The investment is colossal when one takes into consideration the fact that the system is being provided on an existing railway, that very little land had to be acquired and that very little by way of bridge building and not much by way of work on embankments was involved. Despite these figures I cannot be persuaded that there is not a future here for rail transport. If the new system has not provided the justification for itself so far that we might have expected, this may be partly due to the causes the Minister has hinted at, but it is due partly also to the fact that we failed in the past to plan the city with an eye to transport. A moment ago I may have seemed to have been decrying the role of transport but, far from that, I am saying that it cannot be looked at in isolation, and neither can town planning be considered in isolation.

It was ludicrous, for instance, to have built a city like Tallaght where, apart from the lack of other amenities which the inhabitants are struggling gallantly to overcome, there are no rail lines by which the people might be transported to the city centre.
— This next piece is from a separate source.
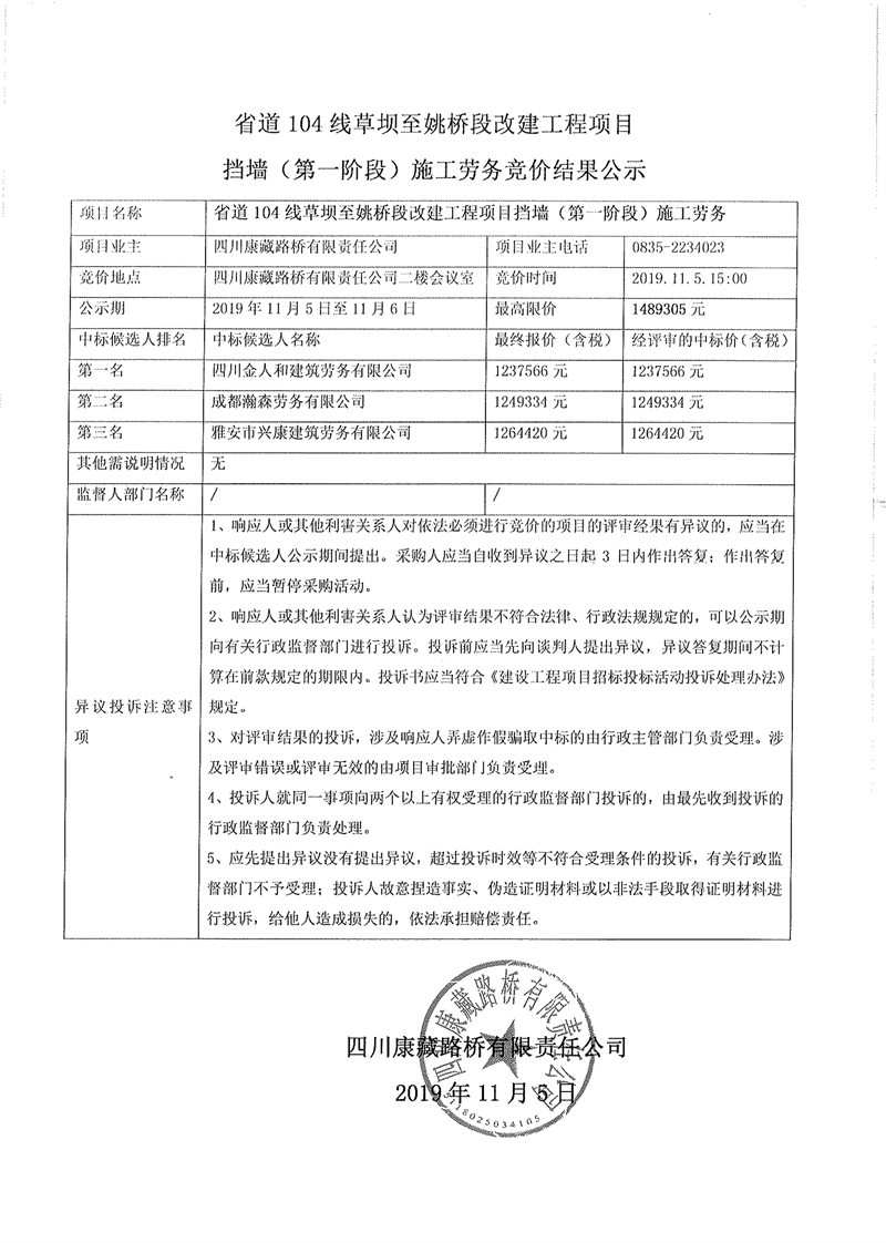 四川康藏路橋有限責(zé)任公司省道104線草壩至姚橋段改建工程項(xiàng)目擋墻(第一階段)施工勞務(wù)競價(jià)結(jié)果公示

The extension of this city into the surrounding countryside should have proceeded on the basis that the fastest and most trouble free mode of transport is rail transport. If managed properly, rail transport can be the most economical also. Therefore, building of as high a density as people were willing to tolerate should have been provided around rail transport.

I played no part in the decision to provide the DART system but now that it is in existence I have unstinted admiration for it. If there is anybody living within usable distance of the service who has not availed of it so far, I urge them strongly to begin using it immediately. The system is one from which we can all learn. The service is respected by the people who use it. Smoking is not allowed on the trains and that rule is well observed. Occasionally someone lights a cigarette but obviously there are some very clever sniffers around because one then hears the driver calling out in the most frightening tones, all the more frightening because nobody knows how he can see the smoker, that the cigarette is to be extinguished. There is almost never any litter in the trains and neither are there any graffiti or any signs of dirt anywhere.

The trains are a pleasure to travel on and from what I can see, and I travel at times other than rush hours, the service is well patronised. The total traffic could be doubled but then the number of trains would have to be increased. The system has become so popular that I notice in advertisements for houses on either the north or the south side of the city, that proximity to the DART service is mentioned. The cost of inserting that bit of information in any such advertisement is an extra £3 or £4 per day but obviously people consider it a selling point. This means that people wish to live near a service of that kind and that in turn carries the implication that future building policy, either in the public or private sector, should be concentrated on the rail lines which still exist in the city but which are not used nearly sufficiently.

Debate adjourned.
Sitting suspended at 1.30 p.m. and resumed at 2.30 p.m.